The use of social media as a business tool creates additional issues to consider when protecting the employer’s business. In particular, LinkedIn enables the employee to build up a database of the employer’s customers which they may then access via their personal account, even after the employment terminates – this is potentially troublesome for business. Quite often how the use of social media can be restricted post-termination is an evolving area of law that the courts have only considered in a small number of cases. However, we can expect to see further developments in the coming years.

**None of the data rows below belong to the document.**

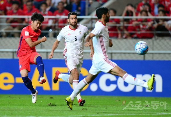 31일 서울 상암 월드컵경기장에서 ‘2018 러시아월드컵’ 한국과 이란의 아시아지역 최종예선 경기가 열렸다. 축구 대표팀 김진수가 슛을 날리고 있다.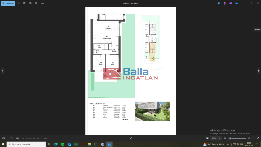 3. lakás: 78,28 nm 66,71nm + 11,57nm terasz+97nm kertkapcsolat: 143.594.810.-Ft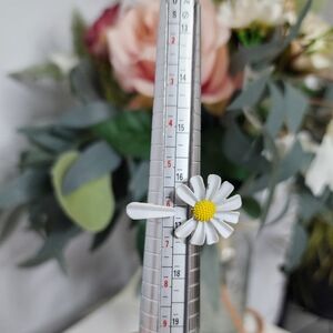 Elegant daisy ring with white petals and a gold center. Perfect for adding a floral touch to any outfit. Open ring, slightly adjustable. Please see pictures for the sizing.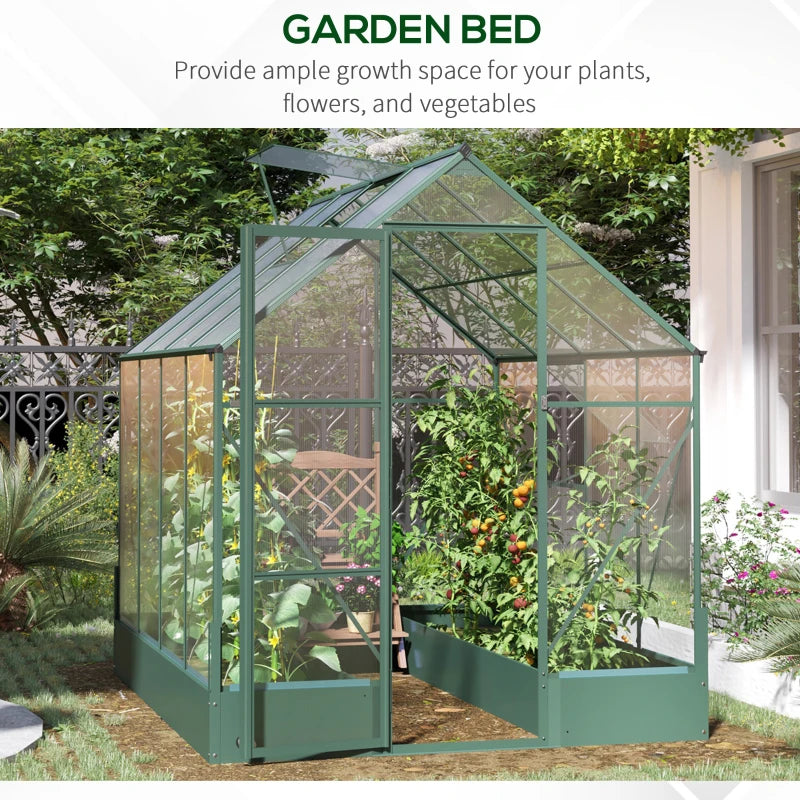 Upgrade your gardening experience with our advanced greenhouse, complete with dual raised beds for 28.8 sq.ft. growing space, a bright roof window for optimal climate control, and a green elevated foundation frame for added value.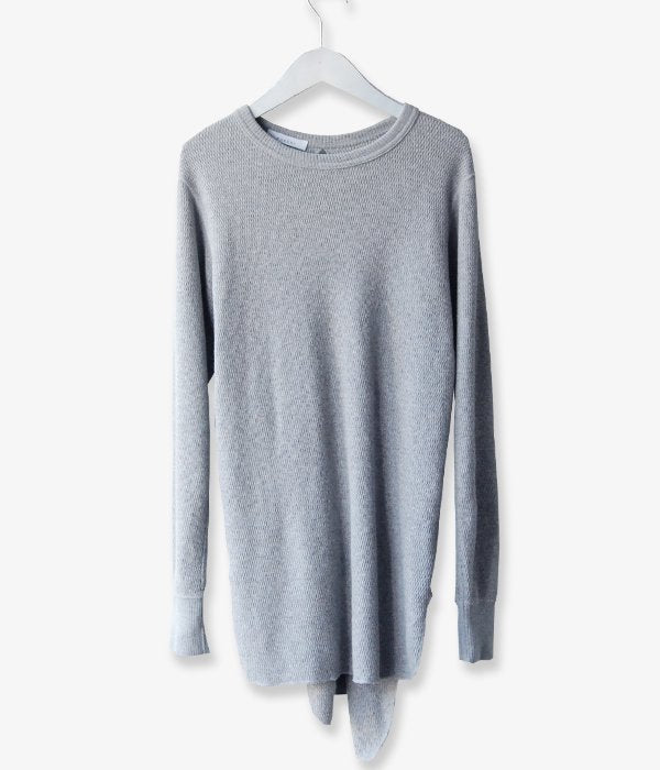 オリジナルのサーマル素材を使用の後身頃にデザインが入ったクルーネックロングスリーブ。スリットとドレープで女性らしさを表現しています。インナーにチューブトップやバンドゥを取り入れてヘルシーな着こなしを。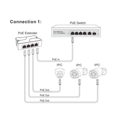 tscam.poe Удлинитель POE для IP-Камеры, POE Extender, POE-экстендер, AT13F-А, 3 выхода POE, 1 вход POE, 100 м, поддержка расстояния, IEEE802.3AF/AT

An employer seeking to enforce restrictive covenants can, in certain circumstances, obtain an interim injunction to restrain the employee from breaching the contract. It may also include damages from the employee. Inducing a breach of contract can in itself give rise to a claim, so a former employer may be able to sue the individual’s new employer if the employee has breached a restriction.

Key points

  • Tailor all covenants to the particular business and to the particular employee.
  • Use clear drafting as the courts will not rewrite covenants. They will, however, in certain limited circumstances, ‘blue pencil’ unreasonable parts to delete them.
  • If an employee is promoted, review and, if necessary, update restrictions to reflect the level of seniority. Remember that covenants are assessed as at the time they are entered into.
  • If asking an employee to enter into new restrictions, ensure there is some form of consideration.
  • Remember that any fundamental breach by the employer (such as termination without giving proper notice or by making a payment in lieu of notice which is not permitted by the contract) will mean the individual is no longer bound by the terms of the contract, including confidentiality and post-termination restrictions.
  • Bear in mind when appointing staff as self-employed consultants (as opposed to employees) that far fewer legal obligations are implied into a contract with a contractor, in comparison with employees, and therefore consultancy agreements need to be particularly carefully drafted, and sometimes, it will be more prudent to opt for an employment relationship rather than consultancy.
  • Note that the law concerning restrictive covenants, and what is and is not enforceable, varies from jurisdiction to jurisdiction. What works in England, for example, might not work elsewhere, and vice versa.